▶ [RECORD EXCERPTS]:
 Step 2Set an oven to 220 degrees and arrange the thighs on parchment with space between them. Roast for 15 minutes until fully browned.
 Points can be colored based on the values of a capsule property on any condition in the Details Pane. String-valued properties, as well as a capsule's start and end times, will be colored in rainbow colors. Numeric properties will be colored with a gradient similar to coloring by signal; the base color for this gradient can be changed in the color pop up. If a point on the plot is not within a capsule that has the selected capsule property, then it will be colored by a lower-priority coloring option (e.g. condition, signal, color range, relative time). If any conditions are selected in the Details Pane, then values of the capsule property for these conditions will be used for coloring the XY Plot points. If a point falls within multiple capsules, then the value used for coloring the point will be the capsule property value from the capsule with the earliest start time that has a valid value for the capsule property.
==
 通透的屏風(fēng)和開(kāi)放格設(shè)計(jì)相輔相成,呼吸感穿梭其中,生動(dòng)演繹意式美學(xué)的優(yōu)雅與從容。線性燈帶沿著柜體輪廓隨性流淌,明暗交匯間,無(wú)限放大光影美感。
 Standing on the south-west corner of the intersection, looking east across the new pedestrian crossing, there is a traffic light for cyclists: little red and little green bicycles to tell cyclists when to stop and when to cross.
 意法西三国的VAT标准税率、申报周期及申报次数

▶ [WHAT THE EXERCISE ASKS]:
Retype the records above, but only those lines that fall between the line containing "Standing on the" and the line containing "意法西三国的VAT标准税率、申报周期及申报次数", with both of those lines included, exactly as written.

▶ [SOLVED EXERCISE]:
 Standing on the south-west corner of the intersection, looking east across the new pedestrian crossing, there is a traffic light for cyclists: little red and little green bicycles to tell cyclists when to stop and when to cross.
 意法西三国的VAT标准税率、申报周期及申报次数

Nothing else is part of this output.